"Of, Kerem ya!" Hoparlördeki telefonun ucundan onun da ofladığını işittim.
"Ne of kızım ya, sanki kötü bir şey diyorum. Gel dışarıda yemek yiyelim dedim alt tarafı." Haklıydı, ama onunla olabildiğinde evde buluşmayı seviyordum. Dışarıda buluştuğumuzda o ismi lazım değil mutlaka yanımızda bitiyordu. Kahvemi buzlu sütün üstüne dökerken sessiz bir şekilde cevap vermemi bekliyordu.
"İyi tamam, akşam alırsın beni." Telaşla lafa girmesine izin vermeden tekrar konuştum. "Bak ikimiz olacağız, tamam mı?"
"Tamam tamam, hadi öptüm." Demesinin ardından telefonu kapattı. Kerem'i küçüklükten beri tanırdım, çok yakın arkadaştık. Hatta en yakın arkadaşım bile diyebilirdim onun için. Aramızdaki bağ çok özeldi.
Kahvemi biraz önce kalkmış olduğum çalışma masamın başına bırakıp tekrar eski yerime oturdum, tamamlamam gereken bir ödevim vardı Kerem gelene kadar onu yapabilirdim en azından. Uzun uğraşlarım sonucunda yapamayacağımı anladım ve oflayarak masadan kalktım. Zaten akşama çok kalmamıştı, uzun uzun hazırlanmak en mantıklısıydı. Dolabımı uzunca bir süre incelememin ardından, lacivert bir gömlek elbise giymekte karar kıldım. Uçlarını sarıya boyattığım saçlarımı gevşek bir atkuyruğu yapmayı tercih etmiştim. Makyajımı tamamladığım anda kapı çaldığında makyaj masamdan kalkıp kapıyı açmaya gittim, harika zamanlama Aktürkoğlu!

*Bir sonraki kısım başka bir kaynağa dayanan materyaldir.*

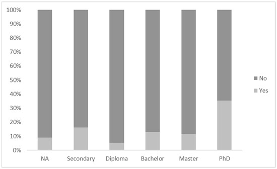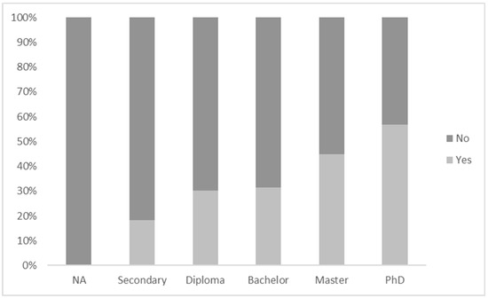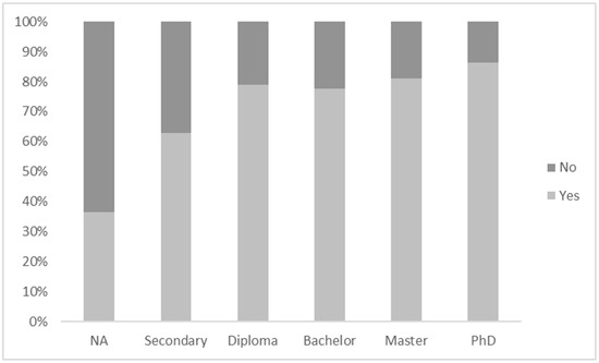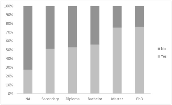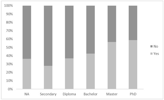 As mentioned earlier in the Methodology section, the χ2-test was used to study correlations between sociodemographic characteristics of respondents and the level of background knowledge on each of the six RETs, as well as willingness perspectives to adopt RETs. Table 2 presents only statistically significant correlations between all tested sociodemographic characteristics and background knowledge. Table 2 reveals statistically significant correlations between educational level and background knowledge on five RET sources (namely solar, wind, geothermal, hydroelectric, and biomass) and between nationality and sea wave RET. Figure 3, Figure 4, Figure 5, Figure 6 and Figure 7 present bar charts of respondents’ background knowledge on RET sources based on percentages within their educational level categories. Positive correlations between educational level and background knowledge on the five RET sources mentioned earlier are evident from the charts. Figure 8 shows that a higher percentage of non-Saudi respondents have background knowledge on the sea wave RET than Saudi national respondents.

Kapıyı açtığımda bana sıkıca sarılması yüzümü gülümsetti, bir süredir görmüyordum onu.
"Allahtan dışarı çıkasın yoktu Sudem." Gülüp ona omuz silktim.
"Çantamı alıp geliyorum." Odama gidip çantamı almamın ardından beraber evden çıktık, kapının önündeki arabasının rahat koltuğuna yerleştim. "Bu arabayı özlemişim."

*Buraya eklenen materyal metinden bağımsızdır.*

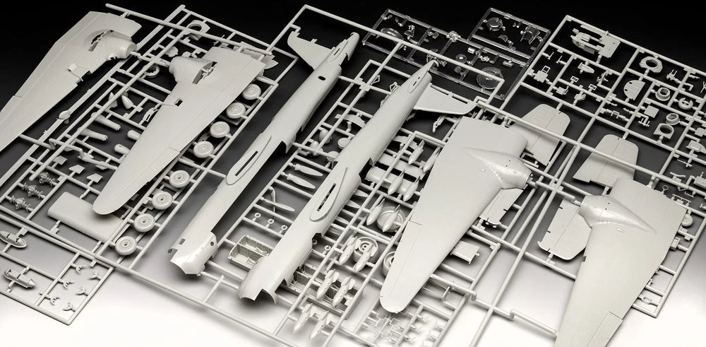 Der Heinkel He177 A-5 Greif Modellbausatz besticht durch seine hohe Detailtreue. Von einem detaillierten Cockpit bis hin zu beweglichen Propellern ist alles dabei. Ein besonderes Highlight sind die drei mitgelieferten Lenkbomben Fritz X sowie die authentischen Abziehbilder, mit denen zwei verschiedene Versionen der Luftwaffe dargestellt werden können.

"Yani beni ne kadar uzun süredir ektiğini farkındasın?" Ona masum olduğunu düşündüğüm bir şekilde gülümsedim.
"Özür dilerim?" Arabayı çalıştırsa da cevap vermemişti. "Sınavlar ödevler falan derken dışarı çıkmaya enerjim kalmıyor pek."
"Iy, iğrenç bahanelerini üstümden çeker misin?" Dediğine karşılık kahkaha attım. "Çocuklar da özlemiş seni, ne zamandır gelmiyorsun diye sorup duruyorlar. " Ve gülüşümün yüzümde donması bir olmuştu, ona çaktırmamam gerektiğinin farkındaydım.
"Ben de özledim ya, otururuz bir ara." Yolun geri kalanında ben ona okuldan bahsediyordum. "İnanır mısın? Gerçekten harika yapmıştım ödevi ama site attığı için sisteme yükleyemedim ve kaldım."
"Ee, son dakikaya bırakırsan."
"Annemin yokluğunu sakın aratma ama tamam mı?" Demem onu güldürmüştü, arabayı bir restoranın önünde durduğunda vale tarafından kapım açıldı, gülümseyerek aşağı indim. Kerem'in koluna girmemin ardından beraber içeri girdik. Çok şık bir restorandı, içeriyi beğeniyle inceleyip bizi yönlendirdikleri masaya oturdum.